Su quali gli effetti di questa patologia sul paziente è intervenuto Giancarlo Parenti, Professore Ordinario di Pediatria presso l’Università Federico II di Napoli e Responsabile dell’Unità di Malattie Metaboliche Pediatriche presso il Policlinico Universitario Federico II. “L’Alfamannosidosi ha un forte impatto sulla vita dei bambini che ne soffrono e sulle loro famiglie. Come molte malattie metaboliche anche l’Alfa-mannosidosi è una malattia cronica, progressiva, tendono a peggiorare nel tempo e coinvolgono più organi ed apparati. Questa patologia è spesso causa di disabilità intellettiva e fisica”.

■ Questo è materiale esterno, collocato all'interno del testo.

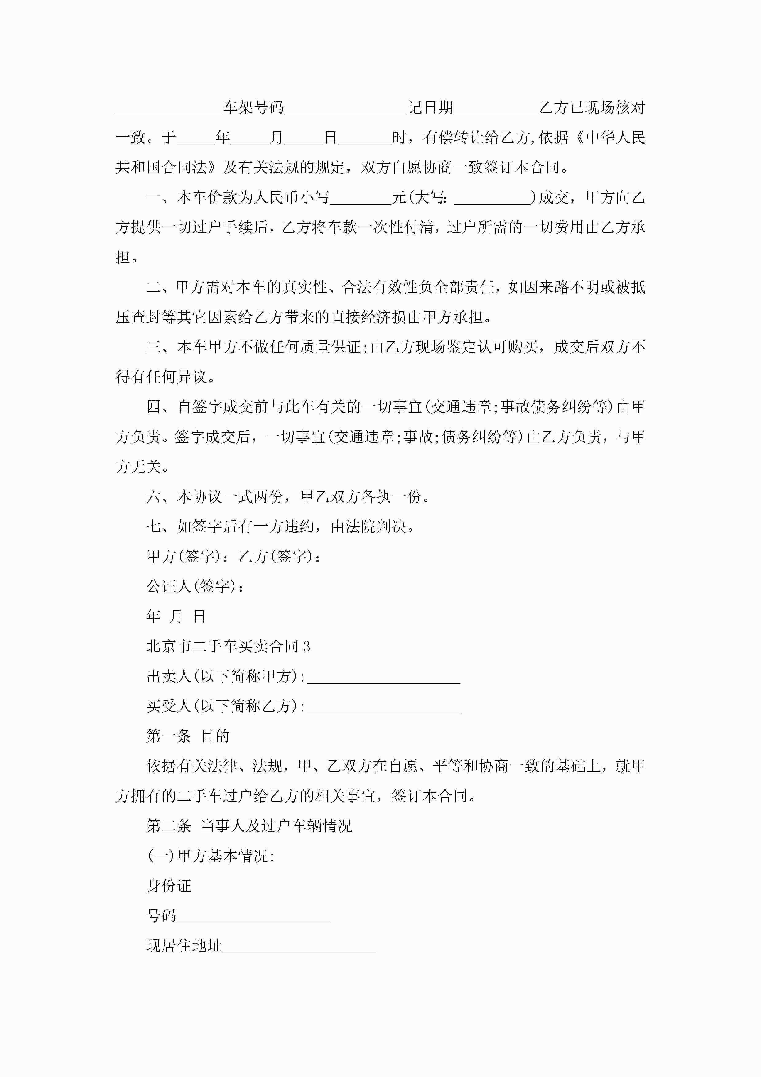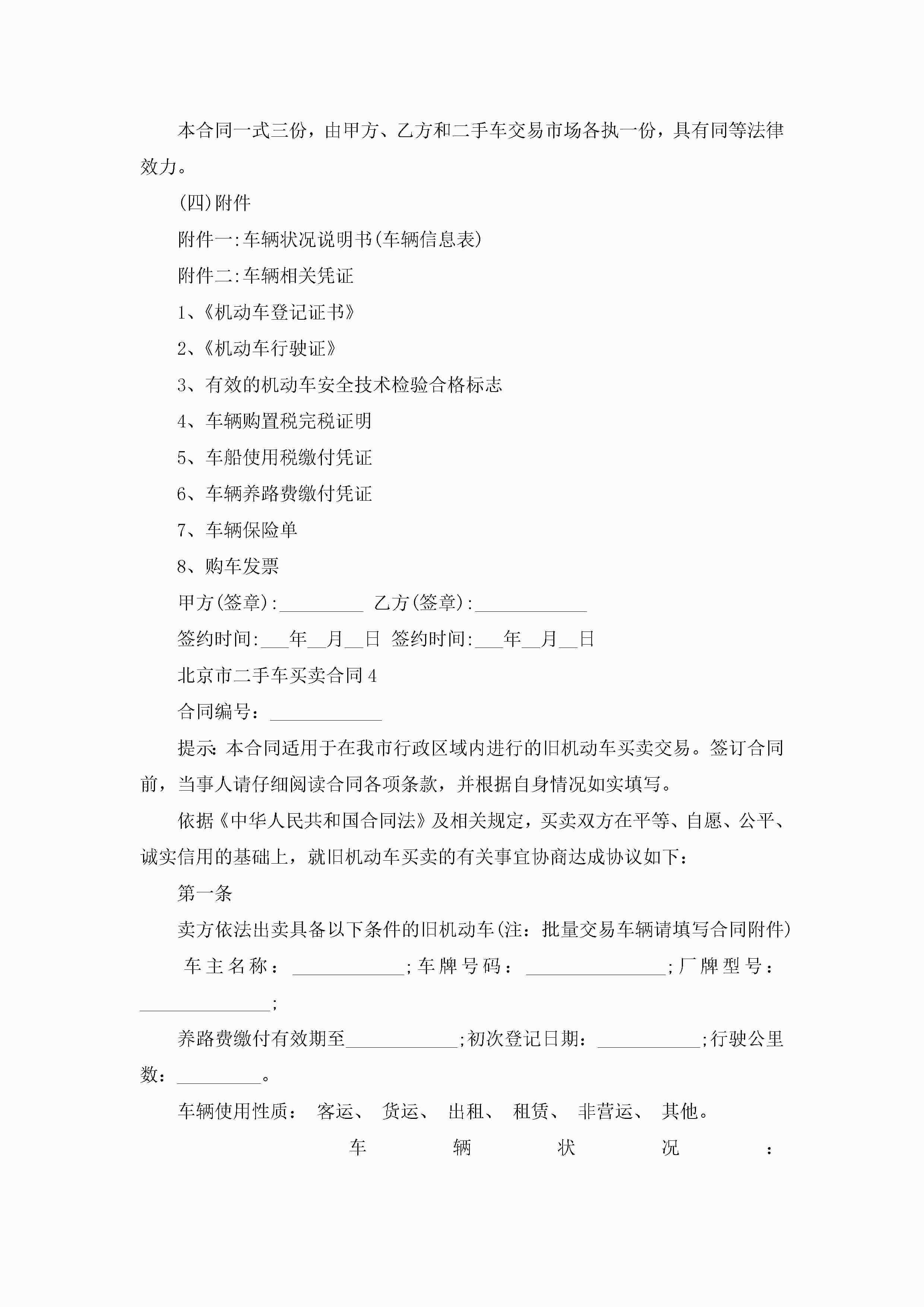 北京市二手车买卖合同5篇jugei3月23日 01:38发布关注261 北京市二手车买卖合同5篇此内容为付费资源,请付费后查看¥10.9 单篇文档限时特惠¥15个人会员开通企业会员开通立即下载无需登陆!可直接快捷下载单个模板付费资源© 版权声明THE ENDWord模板# 实用文档# 实用模板# 合同模板# 买卖合同 如有问题,可点击最底部“联系我们”联系客服 分享QQ空间微博QQ好友海报分享复制链接收藏

Sulla terapia attualmente disponibili è intervenuta Mariella Galdo, UOSD Gestione Clinica del Farmaco, Azienda Ospedaliera “Ospedali dei Colli”, Referente Malattie Rare UOD del Farmaco. “Il trattamento farmacologico dell’Alfa-mannosidosi è estremamente rilevante nell’andamento di questa patologia. La terapia attualmente disponibile è una terapia enzimatica sostitutiva, un farmaco autorizzato dall’AIFA per il trattamento in fase di malattia lieve-moderata e attualmente disponibile in Regione Campania. Rimane però una terapia da monitorare in quanto considerati farmaci innovativi e utilizzati anche a supporto della ricerca. L’unica alternativa a questa terapia è il trapianto di midollo”.

Le malattie rare per complessità e unicità richiedono una formazione specifica per i medici, ma questo risulta un punto dolente in Regione Campania come sottolineato da Gioacchino Scarano, Referente Tavolo Tecnico Regionale permanente di Governance delle attività di Genetica Medica “Un problema che stiamo affrontando è la formazione dei medici, soprattutto per i medici dell’adulto che hanno l’esigenza di formazione perché i pazienti che arrivano dai pediatri sono pazienti che richiedono la loro massima attenzione. I corsi di formazione sono organizzati in maniera specifica ma la grande quantità di malati rari in Italia ed in Campania deve far rivedere gli attuali modelli. I corsi ad oggi organizzati hanno riscontrato, sfortunatamente, una scarsa adesione da parte dei medici degli adulti che denunciano lo scarso tempo disponibile per trattare questi pazienti. Stiamo organizzando nuovi corsi per riuscire a coinvolgere meglio i medici”.

La comunicazione tra specialisti e con la famiglia del paziente è un altro aspetto fondamentale per la corretta presa in carico, a parlarne è Maria Giovanna Russo, Direttore UOC Cardiologia e UTIC Pediatrica Vanvitelli presso Ospedale Monaldi – AORN dei Colli “Per questo genere di patologie è importantissimo che il sistema prenda in carico a 360° il bambino ma è altrettanto importante prendere in carico anche la sua famiglia. Per una corretta presa in carico del paziente con alfa-mannosidosi, che è una patologia multiorgano, è però fondamentale una comunicazione continua tra tutte le figure specialistiche che concorrono alla salute del paziente sia tra di loro che nei confronti della famiglia del bambino”.